Available data: Begin

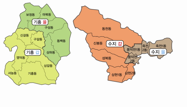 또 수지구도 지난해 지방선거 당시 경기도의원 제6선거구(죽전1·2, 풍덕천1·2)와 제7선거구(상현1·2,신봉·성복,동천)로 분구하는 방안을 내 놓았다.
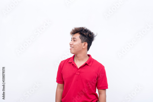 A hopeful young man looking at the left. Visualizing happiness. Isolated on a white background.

Available data: End
Available data: Begin

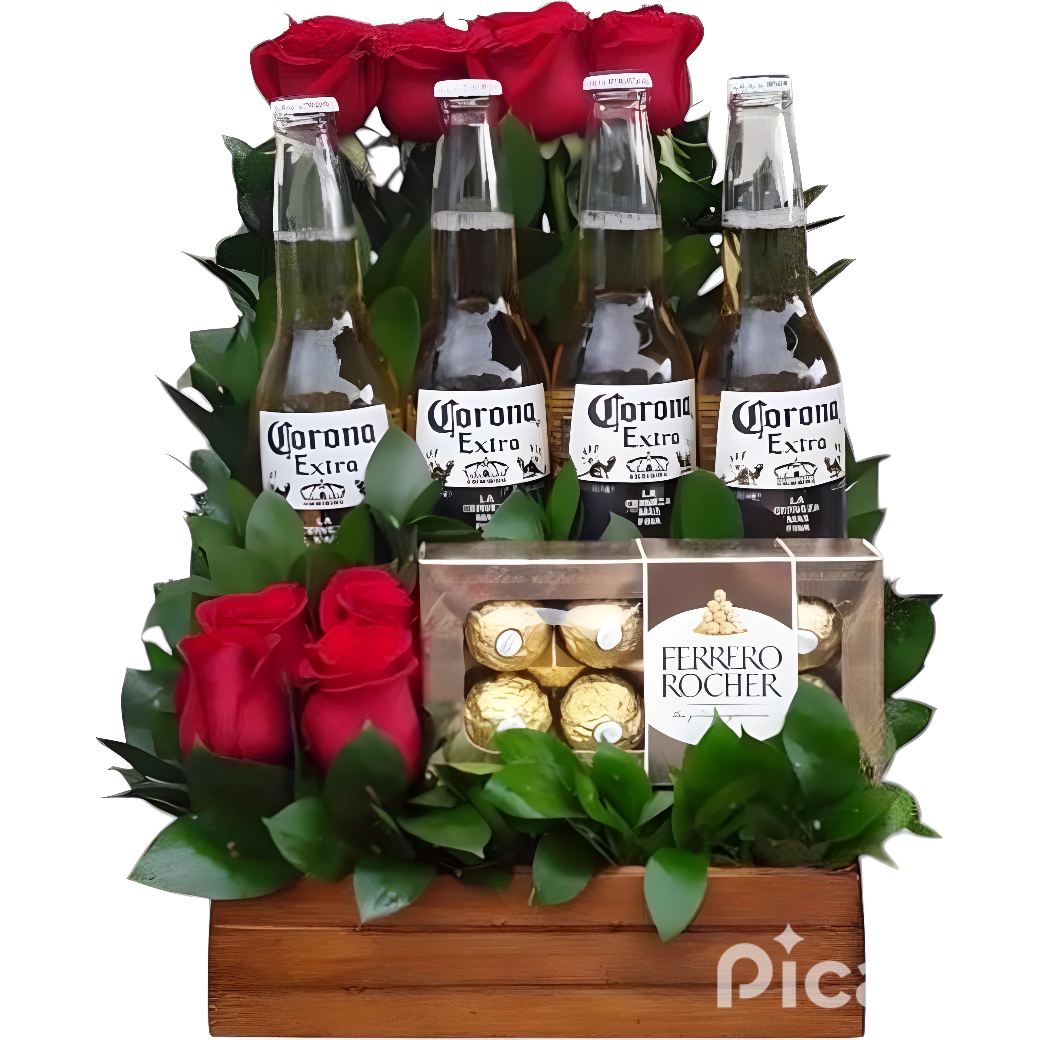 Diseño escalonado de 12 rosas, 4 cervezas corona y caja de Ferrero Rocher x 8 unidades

Available data: End

## [Required action]
Would you copy out, exactly and with no pictures, only the lines above from the one that contains "또 수지구도 지난해 지방선거" through the one that contains "A hopeful young"?

## [Task response]
 또 수지구도 지난해 지방선거 당시 경기도의원 제6선거구(죽전1·2, 풍덕천1·2)와 제7선거구(상현1·2,신봉·성복,동천)로 분구하는 방안을 내 놓았다.
 A hopeful young man looking at the left. Visualizing happiness. Isolated on a white background.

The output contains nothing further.